REVUE DE WEB – Les journaux étrangers se penchent sur le choix des socialistes français…

François Hollande, ou le «triomphe de Monsieur ordinaire.» La formule du Guardian traduit un sentiment unanime de la presse internationale, qui, comme la BBC, voit dans François Hollande l’ «anti-Sarkozy».

«Il était connu comme l’homme tranquille (en français dans le texte), celui qui ne fait pas de bruit, aimable, à l’humour vif mais quelqu’un de normal et un peu ennuyeux», décrit le Guardian. Die Welt explique-même pourquoi son caractère et son physique lui ont valu le surnom de «Flamby, ein Karamell pudding». Mais le Guardian note «une transformation», avec un candidat qui a perdu «des kilos, ses costumes froissés et ses lunettes cerclées». «Si certains pensent qu’il a également perdu de sa bonhomie, ce Hollande plus sec, sérieux et combatif, pourrait battre Nicolas Sarkozy et devenir président», conclut le quotidien britannique.

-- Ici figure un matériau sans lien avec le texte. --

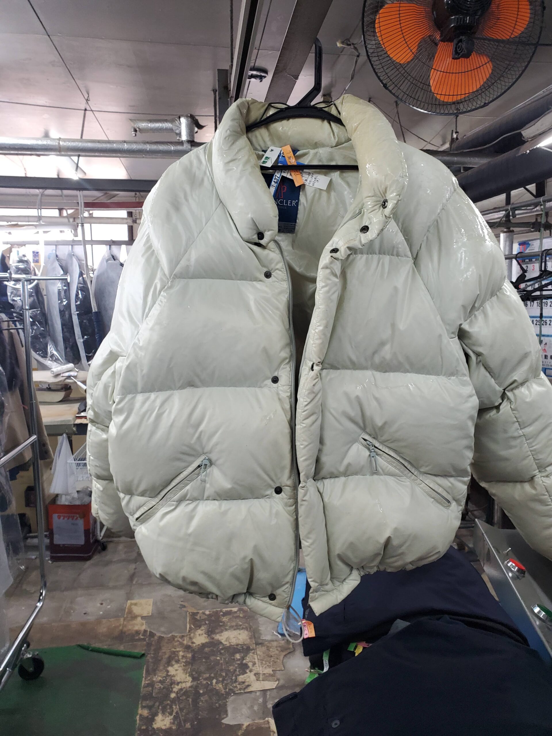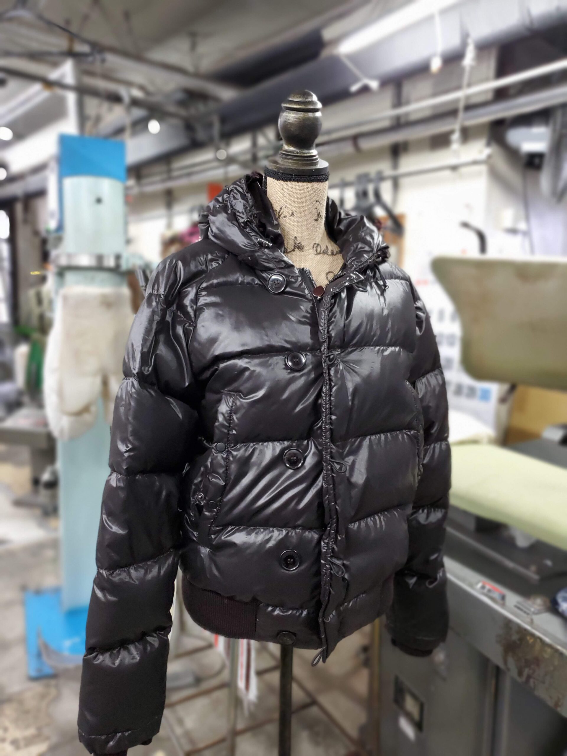 上のモンクレールはべーじゅといいますかグレートいいますかそういった色でしたが、袖の部分が緑に変色していました。こちらはお客様の希望で黒に染め変えたいということだったので、モンクレールクリーニングでしっかり汚れを落としてからモンクレールの染め直しをいたしました。染め変えるお店はネットでたくさんありますが、このクリーニング技法が出来て初めてモンクレール等の染めは生きてきます。そのため、染めの技術は高くても汚れをしっかり落とせる技術がないと色染めは完璧とは言えません。その点、当店は78年のクリーニングの歴史がありますので、汚れを落とすといういみでは誰にも負けない技術を持っております。そして、その技術を活かしてモンクレールクリーニングをし、しっかり汚れを落とした上で、色染めに入ることを徹底しています。また、色染めに関しては、全国のお店さんは色染めまでで終わるところが多いです。つまり染めた後にシワになった状態でもそのままお渡しというところが多いです。これも問題ですね。色を染めれば、当然シワが通常以上に出来ます。しかし、それを伸ばさないでおわたしするということはじぶんでやるとなるととても大変です。PROSHOP HIRAISHIYAではモンクレールクリーニングからアイロンまで最後までしっかり行って、お客サマの手元に届いた時には直ぐに着れる状態になっています。これは安心ですね。
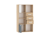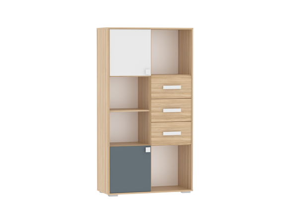 Стеллаж оснащен двумя полками с распашными дверками и тремя выдвижными ящиками, а открытые системы хранения позволяют расставить на видных местах сувениры, книги и украсить комнату так, как нравится ребенку. Для выдвижения ящиков используются шариковые направляющие, которые равномерно распределяют вес содержимого и обеспечивают плавный бесшумный ход ящика. Двери могут крепиться как на левую, так и на правую стенки.
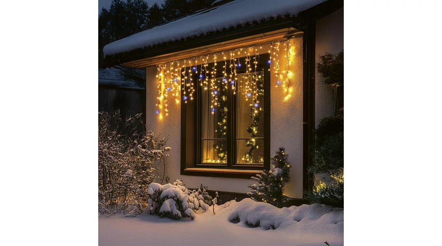 Ez a fényfüggöny nem csupán egy világító dekoráció, hanem egy igazi hangulatteremtő elem, amely tökéletesen alkalmazkodik beltéri és kültéri környezethez is. A 600 db melegfehér DOT LED lágy, kellemes fényt biztosít, míg minden második füzérbe rejtett 1 hidegfehér LED finom sziporkázása mozgalmassá teszi az összhatást. Ez az elegáns fényjáték segít kiemelni otthona vagy kertje karakterét, legyen szó ünnepi készülődésről vagy egy nyári rendezvényről.
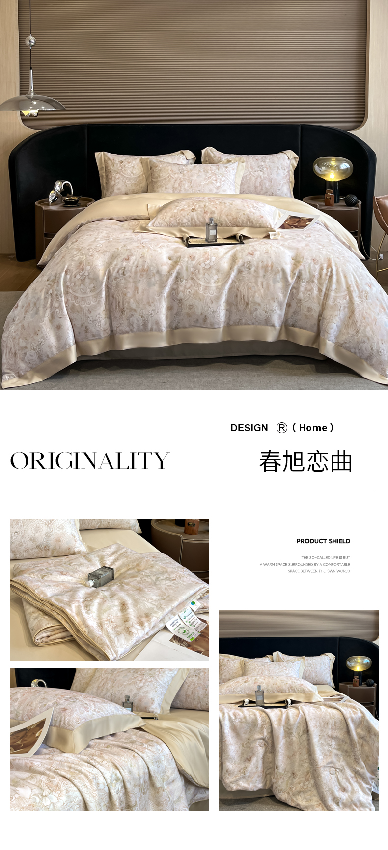当前位置: 91家纺网 > 商品网购 > 床品套件 > 四件套 > 其它四件套 > 2025春夏新款简奢款嵌绳莱赛尔数码印花四件套单夏被床笠床单款 春旭恋曲

Face à «l’hyperprésident Sarkozy», le «gentil» François Hollande va devoir prouver «ses qualités d’homme d’Etat», analyse le Washington Post, qui rappelle que le leader socialiste n’a «jamais occupé de fonctions gouvernementales.» «Il est quasi-inconnu hors de France, et ses critiques disent qu’il dispose d’une expérience internationale trop limitée pour diriger une nation qui dispose de l’arme atomique», relève le quotidien.

Hollande, un «dinosaure»

The Economist, lui, a des problèmes avec Hollande et les «dinosaures» socialistes en général. «Martine Aubry et François Hollande semblent congelés dans le passé, en 1981», écrit l’hebdomadaire. «Ils veulent revenir à l’âge de la retraite à 60 ans et créer 300.000 emplois publics. Ils supportent les réductions des déficits mais refusent d’inscrire le principe d’une règle d’or dans la constitution. Leur refrain, c’est ‘plus d’impôts’ et pas ‘moins de dépenses’.» Le New York Times voit cependant dans François Hollande un «centriste pragmatique». Pour Douglas Yates, de l’Université américaine de Paris, les propositions de cadres socialistes de nationaliser les banques ne sont «que des promesses de campagne pour surfer sur l’anti-sarkozysme»

Hollande peut-il gagner? Il va d’abord devoir «rassembler son camp et surtout une gauche fragmentée», estime le Zeit. Malgré les sondages, Douglas Yates mise sur une victoire de Nicolas Sarkozy, qui pourrait «bénéficier d’un report des voix de Marine Le Pen au 2e tour». En revanche, The Economist conclut qu’après «le tourbillon Sarkozy, un président normal est peut-être ce dont les électeurs français ont envie.»